YOUR GOAL:
Will you output all of the data below exactly, omitting the images?

++++ AVAILABLE DATA ++++

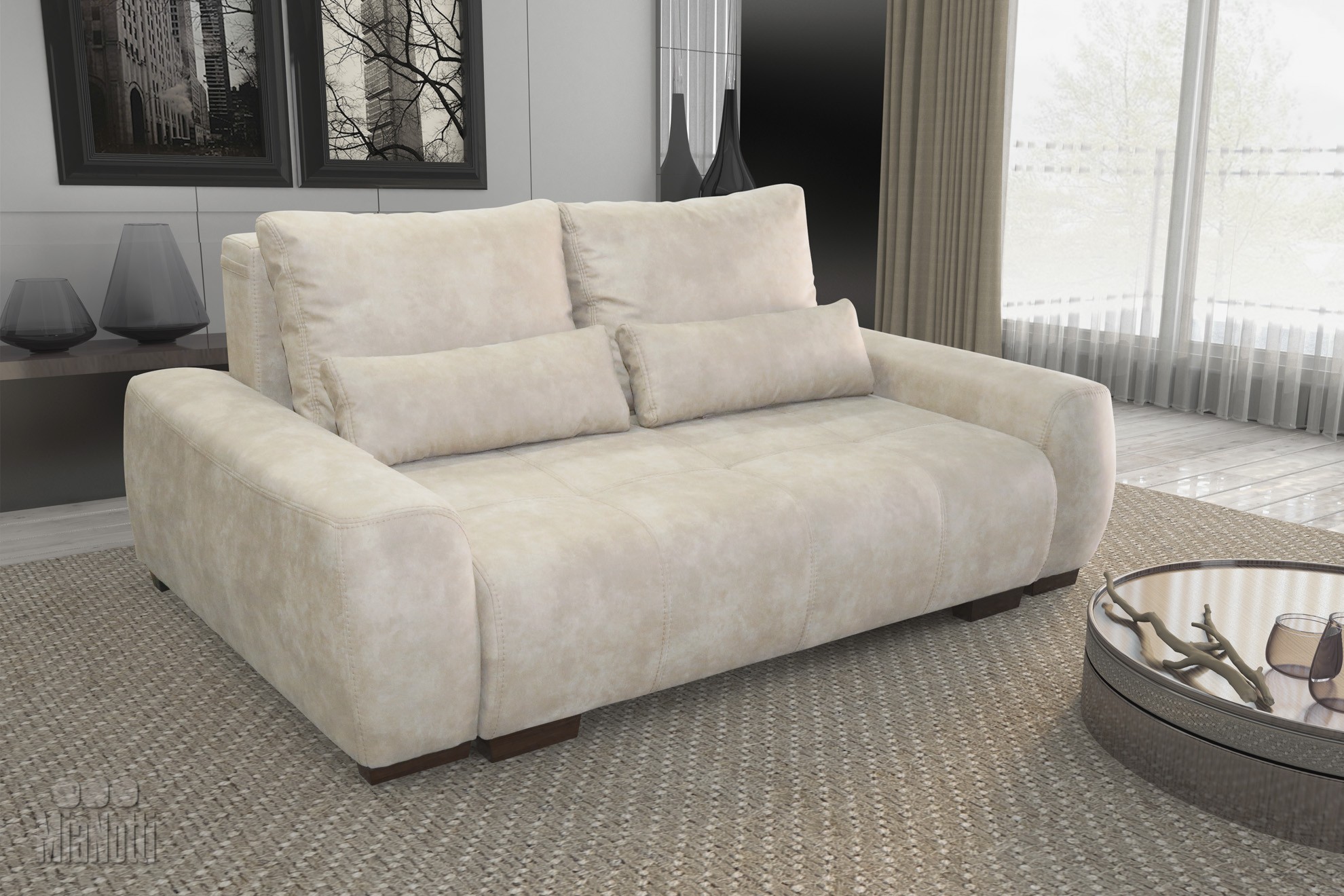Комфортний і елегантний диван «Турін line 2». Каркас дивана зроблений з натурального бруса - сосни. Крім того, в основу входять букові ламелі і блок незалежних пружин Pocket Spring. За допомогою механізму «пантограф» диван з легкістю перетворюється в велике і комфортне спальне місце.
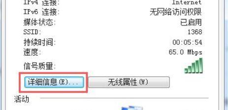 点击无线网络连接进入无线网络连接状态,在设置固定IP地址前可以先通过详细信息功能选项里查看已获取的IP地址号段。
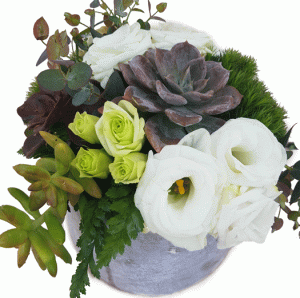 סידור פרחים בכלי מיוחד מעוצב עם סוקולנטים וליזיאנטוס

++++

OUTPUT:
Комфортний і елегантний диван «Турін line 2». Каркас дивана зроблений з натурального бруса - сосни. Крім того, в основу входять букові ламелі і блок незалежних пружин Pocket Spring. За допомогою механізму «пантограф» диван з легкістю перетворюється в велике і комфортне спальне місце.
 点击无线网络连接进入无线网络连接状态,在设置固定IP地址前可以先通过详细信息功能选项里查看已获取的IP地址号段。
 סידור פרחים בכלי מיוחד מעוצב עם סוקולנטים וליזיאנטוס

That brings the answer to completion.